Three Types of Inspiration and Which Ones I Avoid

7 08 2022
  1. Axe-Grinding: Something is rubbing my chaps or grinding my gears or generally making me angry. The nature of romance. That horrid politician. The state of society. Delusions of those who disagree with me. The problem with Axe-Grinding is that I never enjoy writing about things I hate. I rush through the writing and create characters without depth and a dissatisfying ending. There are writers who can Axe-Grind, and I wonder at their approach. Cory Doctorow writes about disagreeable politics and technology and he gets his points across. Gretchen Felker-Martin wrote about people who want her dead and somehow didn’t make it a screed. Dunno how they do it. When I’m writing something and I think, “Yeah! That’ll show those bastards!” I go have a nice lay-down.
  2. Inspired by Life/Catharsis: I realize things about my life, you know? Decades pass and disparate memories click together into a realization. Or new experiences cast a moment in a new light. Or a direct experience can be made into a character arc, if I tweak it a little. Editors have liked these stories, but writing them weighs on me. Writing is an escape from my unending self-scrutiny. I write about my personal life now only once in a while.
  3. The Image: An image strikes. An image clean of politics or regret. As I’ve noted in previous posts, my turn of mind ranges from absurdity to horror. A mummified Victorian meditating. An imp birthing from an eye socket. A sentient ribcage jumping along a suburban sidewalk. Yeah, they disturb me too. But I know by exploring an idea unrelated to my beliefs, that my 1) axe-grinding and 2) catharsis will release in a way relevant to whatever story emerges. Keep in mind: I subject what images and feeling that appear to scrutiny, maybe unreasonable, that they not remind me of anything other media. Some images do not work and I’ve learned to avoid or compartmentalize them they feel inspired by the surrealism I like to read sometimes.

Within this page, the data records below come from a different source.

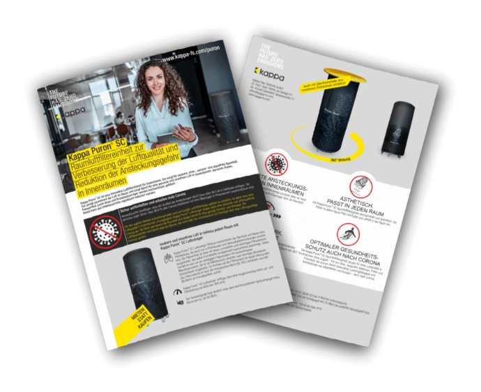 Der Kappa Puron® SC ist ein Raumluftfilter zur Verbesserung der Luftqualität und Reduktion der Ansteckungsgefahr. Das Filtersystem scheidet Viren, Aerosole, Feinstaub, Pollen und Keime aus der Luft hochwirksam und permanent ab. Das sorgt für eine gesunde und viren- sowie schadstofffreie Raumluft.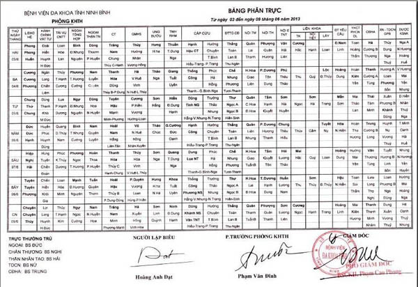 Bảng phân trực các khoa Lâm sàng (từ ngày 2 đến ngày 8 tháng 3 năm 2026).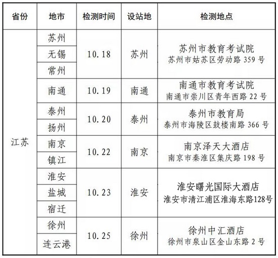 檢測一般于當天上午8:00開始,需半天左右,我省各地市檢測地點及日程安排如下: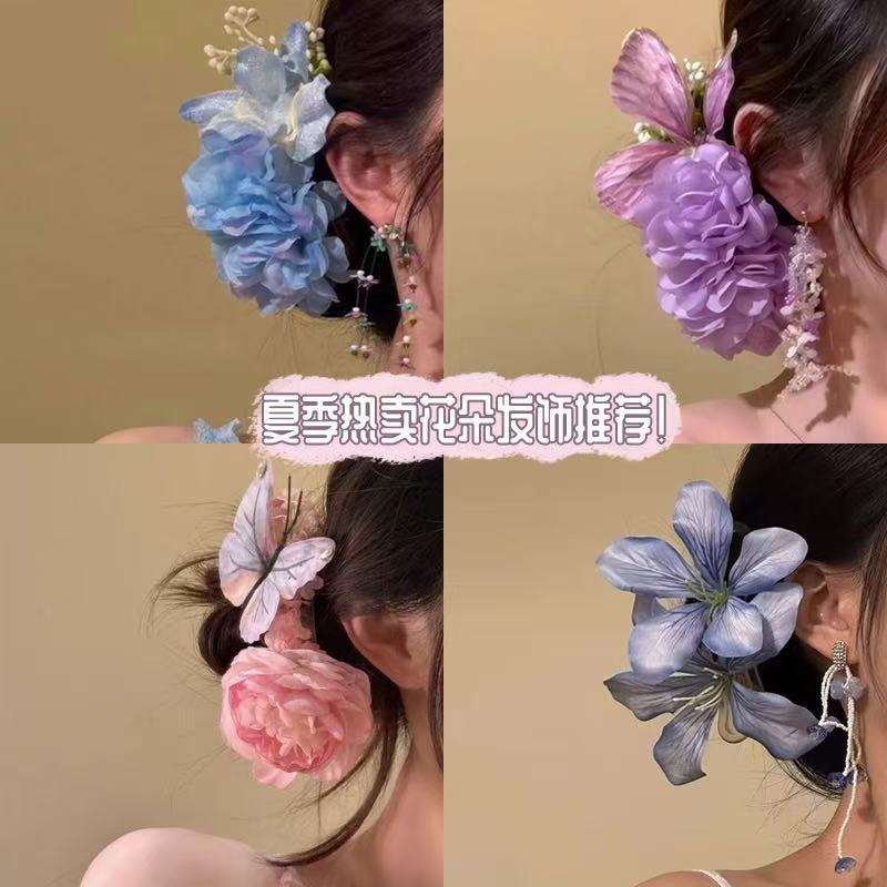 • 5944 보라색 수국 나비 머리핀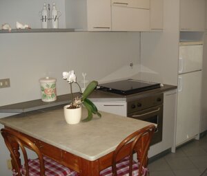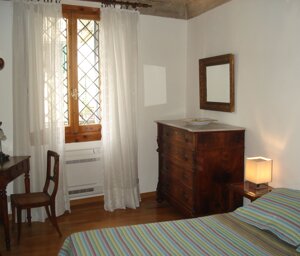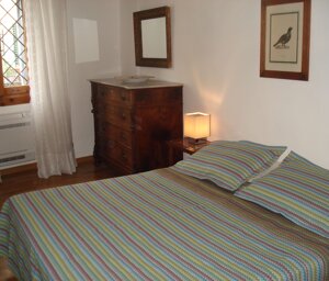 One large bedroom wth painted cieling and full kitchen with marble table and chairs. The apt has A.C., Wi-Fi , t.v. and all other comforts.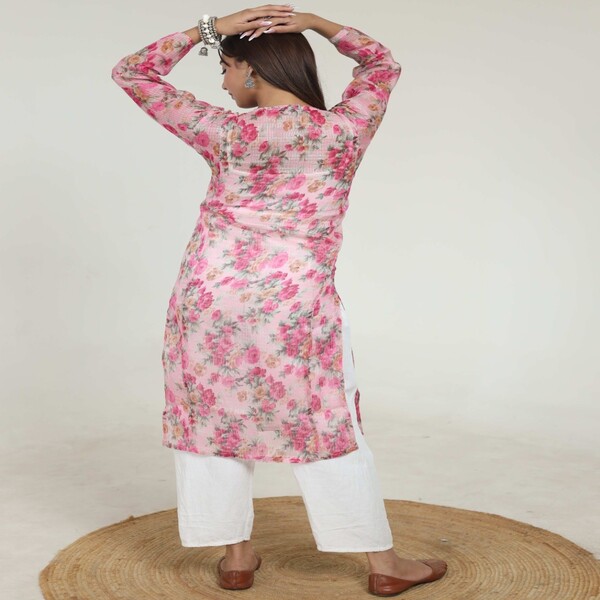 A chikankari floral kota kurta is a lightweight, cotton-based, straight-cut top featuring delicate hand-embroidered floral patterns. The kurta is made of a traditional, fine, woven Kota fabric, with the embroidery, usually in white cotton thread, applied over a pre-printed floral design. Key features include a straight silhouette, round or U-neckline, and typically three-quarter or long sleeves. Location : Uttar Pradesh, India
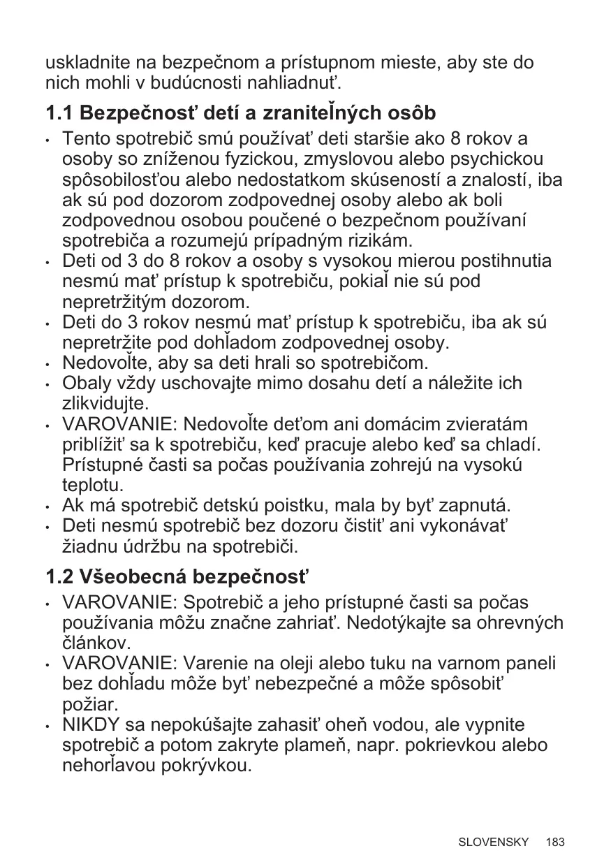 VAROVANIE: Spotrebič a jeho prístupné časti sa počas používania môžu značne zahriať. Nedotýkajte sa ohrevných článkov. VAROVANIE: Varenie na oleji alebo tuku na varnom paneli bez dohľadu môže byť nebezpečné a môže spôsobiť požiar. NIKDY sa nepokúšajte zahasiť oheň vodou, ale vypnite spotrebič a potom zakryte plameň, napr. pokrievkou alebo nehorľavou pokrývkou. SLOVENSKY

Now I’m trying to use writing prompts so I can increase output. Using prompts feels odd. Prompts don’t resonate as deeply. Prompt writing seems more analytical, as I am using a different part of my brain. I’m concerned that I’ll lose whatever “ME” is in the writing, the “ME” that got past stories published.

In a related subject: there are respected authors who write about their religion or politics. One guy had deep conflicts with his deeply Catholic father, then had a near-death experience, and now expounds from an Opus Dei pre-Vatican II perspective. One woman is a loving parent and wife, and she knows she has depression and OCD, yet has become a Truther about Every Possible Subject.

How can one live without the awareness of trauma affecting outlook? How can they allow themselves to speak on deeply loaded subjects and reinforce delusions in others?

This is why I prefer writing from an Image. This forces me to create well-rounded characters in conflicts removed from Real Issues, while allowing for emotional exploration.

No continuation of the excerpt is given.